***** MATERIAL PROVIDED *****

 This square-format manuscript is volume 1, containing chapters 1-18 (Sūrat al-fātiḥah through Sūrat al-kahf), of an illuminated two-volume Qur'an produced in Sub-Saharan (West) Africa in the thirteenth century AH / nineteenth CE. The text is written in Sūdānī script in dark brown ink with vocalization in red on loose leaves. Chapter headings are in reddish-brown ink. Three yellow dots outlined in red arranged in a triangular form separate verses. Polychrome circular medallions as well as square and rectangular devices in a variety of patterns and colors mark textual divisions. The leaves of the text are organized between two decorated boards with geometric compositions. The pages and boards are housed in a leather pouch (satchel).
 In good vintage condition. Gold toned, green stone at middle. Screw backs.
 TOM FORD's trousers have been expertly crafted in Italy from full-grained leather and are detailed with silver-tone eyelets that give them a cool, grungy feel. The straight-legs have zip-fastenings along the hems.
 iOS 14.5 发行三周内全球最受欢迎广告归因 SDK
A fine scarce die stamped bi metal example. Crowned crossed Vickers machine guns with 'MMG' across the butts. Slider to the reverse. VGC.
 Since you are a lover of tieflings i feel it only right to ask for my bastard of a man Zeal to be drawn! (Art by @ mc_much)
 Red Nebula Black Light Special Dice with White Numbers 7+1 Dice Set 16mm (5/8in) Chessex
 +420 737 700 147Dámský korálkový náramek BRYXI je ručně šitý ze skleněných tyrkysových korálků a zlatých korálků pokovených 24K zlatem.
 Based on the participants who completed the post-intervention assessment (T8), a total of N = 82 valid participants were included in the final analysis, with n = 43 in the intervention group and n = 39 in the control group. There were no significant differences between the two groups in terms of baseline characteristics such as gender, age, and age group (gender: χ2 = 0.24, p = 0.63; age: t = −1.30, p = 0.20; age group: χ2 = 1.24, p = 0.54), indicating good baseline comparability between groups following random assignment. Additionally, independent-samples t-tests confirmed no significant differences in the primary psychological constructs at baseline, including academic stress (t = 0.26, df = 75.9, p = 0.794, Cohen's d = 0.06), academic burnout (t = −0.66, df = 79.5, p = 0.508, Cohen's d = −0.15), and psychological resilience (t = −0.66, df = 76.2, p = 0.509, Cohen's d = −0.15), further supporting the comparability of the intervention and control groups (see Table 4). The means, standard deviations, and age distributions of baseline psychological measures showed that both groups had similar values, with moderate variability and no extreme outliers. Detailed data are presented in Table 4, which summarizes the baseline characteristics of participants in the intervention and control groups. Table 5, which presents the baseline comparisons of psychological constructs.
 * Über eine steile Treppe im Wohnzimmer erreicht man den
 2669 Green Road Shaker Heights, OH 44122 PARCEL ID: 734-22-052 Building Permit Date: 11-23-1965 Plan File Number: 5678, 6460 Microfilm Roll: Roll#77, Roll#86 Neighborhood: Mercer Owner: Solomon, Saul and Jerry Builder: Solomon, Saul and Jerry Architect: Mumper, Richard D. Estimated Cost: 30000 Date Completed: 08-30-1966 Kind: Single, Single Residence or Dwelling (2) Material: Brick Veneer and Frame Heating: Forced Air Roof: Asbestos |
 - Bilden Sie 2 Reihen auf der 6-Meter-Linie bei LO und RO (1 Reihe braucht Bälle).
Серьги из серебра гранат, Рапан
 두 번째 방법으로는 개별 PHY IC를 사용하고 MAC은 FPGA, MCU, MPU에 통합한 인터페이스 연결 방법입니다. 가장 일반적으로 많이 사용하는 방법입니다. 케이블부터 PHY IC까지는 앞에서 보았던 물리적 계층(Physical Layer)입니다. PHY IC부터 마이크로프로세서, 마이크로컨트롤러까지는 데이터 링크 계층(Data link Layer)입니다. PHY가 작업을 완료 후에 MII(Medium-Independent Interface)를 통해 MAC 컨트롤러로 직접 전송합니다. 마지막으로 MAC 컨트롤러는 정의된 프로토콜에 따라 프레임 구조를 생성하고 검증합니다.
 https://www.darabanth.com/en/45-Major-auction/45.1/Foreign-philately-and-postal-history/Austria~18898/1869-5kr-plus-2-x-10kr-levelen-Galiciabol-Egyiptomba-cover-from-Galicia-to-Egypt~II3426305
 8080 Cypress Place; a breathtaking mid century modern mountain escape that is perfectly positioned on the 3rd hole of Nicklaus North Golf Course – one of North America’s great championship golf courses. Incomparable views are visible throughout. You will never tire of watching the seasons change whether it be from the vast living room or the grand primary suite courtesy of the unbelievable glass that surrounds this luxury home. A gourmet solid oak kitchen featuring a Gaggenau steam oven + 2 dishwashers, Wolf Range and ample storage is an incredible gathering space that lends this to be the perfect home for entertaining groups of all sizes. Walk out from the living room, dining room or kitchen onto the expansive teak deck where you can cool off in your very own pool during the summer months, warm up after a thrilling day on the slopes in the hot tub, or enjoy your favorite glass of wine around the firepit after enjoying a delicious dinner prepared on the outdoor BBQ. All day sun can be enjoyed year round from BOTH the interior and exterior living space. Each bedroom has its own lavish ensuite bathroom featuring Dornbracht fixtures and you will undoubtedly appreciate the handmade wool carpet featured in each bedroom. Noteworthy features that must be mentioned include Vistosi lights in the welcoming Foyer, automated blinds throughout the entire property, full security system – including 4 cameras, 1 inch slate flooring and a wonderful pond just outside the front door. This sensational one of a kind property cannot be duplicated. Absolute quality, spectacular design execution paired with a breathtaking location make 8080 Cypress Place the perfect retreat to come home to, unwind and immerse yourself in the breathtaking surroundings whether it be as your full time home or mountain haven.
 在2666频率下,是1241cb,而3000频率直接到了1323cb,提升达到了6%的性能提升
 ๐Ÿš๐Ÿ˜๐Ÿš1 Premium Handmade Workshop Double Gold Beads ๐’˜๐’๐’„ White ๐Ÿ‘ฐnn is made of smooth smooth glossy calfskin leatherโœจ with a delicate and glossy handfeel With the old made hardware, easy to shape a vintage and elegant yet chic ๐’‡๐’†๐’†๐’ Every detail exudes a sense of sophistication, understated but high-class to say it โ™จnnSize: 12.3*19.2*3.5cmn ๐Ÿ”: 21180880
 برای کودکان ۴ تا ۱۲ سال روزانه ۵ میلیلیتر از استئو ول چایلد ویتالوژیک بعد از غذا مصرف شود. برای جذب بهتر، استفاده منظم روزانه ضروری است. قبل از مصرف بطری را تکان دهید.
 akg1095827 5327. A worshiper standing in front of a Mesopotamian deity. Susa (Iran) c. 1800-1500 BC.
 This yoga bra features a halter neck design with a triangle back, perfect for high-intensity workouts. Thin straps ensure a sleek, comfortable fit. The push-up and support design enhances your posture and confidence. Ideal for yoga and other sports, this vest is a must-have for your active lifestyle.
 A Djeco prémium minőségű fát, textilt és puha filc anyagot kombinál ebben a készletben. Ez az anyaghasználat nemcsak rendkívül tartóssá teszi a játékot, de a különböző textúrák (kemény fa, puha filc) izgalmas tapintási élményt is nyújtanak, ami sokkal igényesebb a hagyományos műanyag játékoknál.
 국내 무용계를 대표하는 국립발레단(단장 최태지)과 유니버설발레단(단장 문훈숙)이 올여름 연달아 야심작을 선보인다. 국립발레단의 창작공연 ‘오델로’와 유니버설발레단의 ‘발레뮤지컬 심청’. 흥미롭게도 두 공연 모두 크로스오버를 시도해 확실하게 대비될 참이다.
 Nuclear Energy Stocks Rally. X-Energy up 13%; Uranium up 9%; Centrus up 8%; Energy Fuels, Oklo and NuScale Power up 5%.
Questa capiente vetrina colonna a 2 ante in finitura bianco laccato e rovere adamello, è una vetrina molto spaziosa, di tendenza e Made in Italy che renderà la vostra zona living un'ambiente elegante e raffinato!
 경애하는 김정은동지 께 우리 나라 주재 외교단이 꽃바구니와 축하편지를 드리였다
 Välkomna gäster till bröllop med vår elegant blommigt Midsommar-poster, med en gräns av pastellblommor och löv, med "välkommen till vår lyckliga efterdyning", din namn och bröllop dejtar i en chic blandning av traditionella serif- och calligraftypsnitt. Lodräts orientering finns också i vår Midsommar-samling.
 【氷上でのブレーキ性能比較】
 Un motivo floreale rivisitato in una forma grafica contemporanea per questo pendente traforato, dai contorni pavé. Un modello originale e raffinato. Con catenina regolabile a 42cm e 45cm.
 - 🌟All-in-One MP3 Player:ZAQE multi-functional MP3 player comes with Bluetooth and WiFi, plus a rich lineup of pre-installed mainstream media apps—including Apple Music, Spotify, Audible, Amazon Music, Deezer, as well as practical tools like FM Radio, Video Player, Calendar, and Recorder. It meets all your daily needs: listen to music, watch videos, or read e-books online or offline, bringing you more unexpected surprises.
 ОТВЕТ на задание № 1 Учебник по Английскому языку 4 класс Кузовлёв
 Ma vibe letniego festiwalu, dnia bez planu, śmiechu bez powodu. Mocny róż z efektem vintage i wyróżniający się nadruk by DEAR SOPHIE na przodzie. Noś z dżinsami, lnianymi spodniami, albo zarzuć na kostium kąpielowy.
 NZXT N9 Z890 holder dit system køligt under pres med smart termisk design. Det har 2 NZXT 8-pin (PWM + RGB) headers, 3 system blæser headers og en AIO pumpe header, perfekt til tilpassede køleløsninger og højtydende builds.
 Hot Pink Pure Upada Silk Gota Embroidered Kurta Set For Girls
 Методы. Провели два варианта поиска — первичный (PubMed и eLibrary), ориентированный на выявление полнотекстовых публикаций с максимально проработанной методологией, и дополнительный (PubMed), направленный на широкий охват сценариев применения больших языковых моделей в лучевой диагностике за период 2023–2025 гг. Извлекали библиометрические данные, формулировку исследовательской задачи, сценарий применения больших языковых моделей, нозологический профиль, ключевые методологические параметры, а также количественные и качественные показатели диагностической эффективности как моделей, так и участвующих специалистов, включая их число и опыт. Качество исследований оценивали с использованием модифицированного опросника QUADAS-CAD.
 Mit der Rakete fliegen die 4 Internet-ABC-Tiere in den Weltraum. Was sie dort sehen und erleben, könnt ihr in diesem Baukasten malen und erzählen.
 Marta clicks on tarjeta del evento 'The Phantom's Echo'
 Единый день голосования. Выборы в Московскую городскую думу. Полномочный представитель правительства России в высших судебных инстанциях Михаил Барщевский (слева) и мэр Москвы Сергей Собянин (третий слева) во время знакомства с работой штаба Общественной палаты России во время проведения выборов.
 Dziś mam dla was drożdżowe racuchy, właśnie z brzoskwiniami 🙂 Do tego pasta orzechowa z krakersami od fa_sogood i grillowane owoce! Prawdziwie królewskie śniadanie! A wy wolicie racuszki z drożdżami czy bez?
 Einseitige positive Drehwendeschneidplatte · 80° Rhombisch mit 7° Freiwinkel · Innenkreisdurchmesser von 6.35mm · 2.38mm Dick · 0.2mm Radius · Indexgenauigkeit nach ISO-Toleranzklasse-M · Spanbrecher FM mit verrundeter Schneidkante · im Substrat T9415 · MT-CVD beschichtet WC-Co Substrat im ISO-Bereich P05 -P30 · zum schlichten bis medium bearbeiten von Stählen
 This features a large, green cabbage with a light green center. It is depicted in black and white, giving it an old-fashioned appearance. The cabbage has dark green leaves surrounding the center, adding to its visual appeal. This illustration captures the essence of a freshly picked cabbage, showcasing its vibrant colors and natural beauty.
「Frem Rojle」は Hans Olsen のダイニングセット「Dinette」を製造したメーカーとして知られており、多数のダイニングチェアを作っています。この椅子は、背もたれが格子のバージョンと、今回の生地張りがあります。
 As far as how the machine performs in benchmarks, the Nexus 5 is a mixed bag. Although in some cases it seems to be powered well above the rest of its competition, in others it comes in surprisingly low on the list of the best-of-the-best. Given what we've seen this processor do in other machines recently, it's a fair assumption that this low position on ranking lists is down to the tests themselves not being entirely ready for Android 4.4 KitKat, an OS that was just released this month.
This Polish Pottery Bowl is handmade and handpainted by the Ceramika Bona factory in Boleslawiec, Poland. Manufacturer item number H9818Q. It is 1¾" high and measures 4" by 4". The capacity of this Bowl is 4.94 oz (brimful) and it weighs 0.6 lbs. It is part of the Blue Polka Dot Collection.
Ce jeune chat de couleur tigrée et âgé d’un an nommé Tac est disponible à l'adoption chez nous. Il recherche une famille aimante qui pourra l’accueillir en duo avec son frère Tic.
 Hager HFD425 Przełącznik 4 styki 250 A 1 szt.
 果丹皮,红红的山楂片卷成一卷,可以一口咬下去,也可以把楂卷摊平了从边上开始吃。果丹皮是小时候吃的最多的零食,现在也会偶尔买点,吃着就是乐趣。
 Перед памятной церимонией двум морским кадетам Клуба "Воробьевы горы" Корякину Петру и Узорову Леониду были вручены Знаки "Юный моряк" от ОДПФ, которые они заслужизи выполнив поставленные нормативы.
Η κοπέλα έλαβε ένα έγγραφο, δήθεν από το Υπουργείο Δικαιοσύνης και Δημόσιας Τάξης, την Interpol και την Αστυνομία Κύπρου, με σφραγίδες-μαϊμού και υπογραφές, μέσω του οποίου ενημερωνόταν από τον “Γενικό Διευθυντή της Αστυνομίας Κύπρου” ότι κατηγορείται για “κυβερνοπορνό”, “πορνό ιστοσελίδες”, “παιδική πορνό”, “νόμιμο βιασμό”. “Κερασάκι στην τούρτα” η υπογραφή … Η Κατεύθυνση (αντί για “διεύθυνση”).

*****

◆ **ACTIVITY**: From the listing above, return the lines starting at the one with "NZXT N9 Z890" and ending at the one with "Hot Pink Pure", both kept, exactly as they appear and nothing more.

◆ **EXERCISE RESPONSE**:
 NZXT N9 Z890 holder dit system køligt under pres med smart termisk design. Det har 2 NZXT 8-pin (PWM + RGB) headers, 3 system blæser headers og en AIO pumpe header, perfekt til tilpassede køleløsninger og højtydende builds.
 Hot Pink Pure Upada Silk Gota Embroidered Kurta Set For Girls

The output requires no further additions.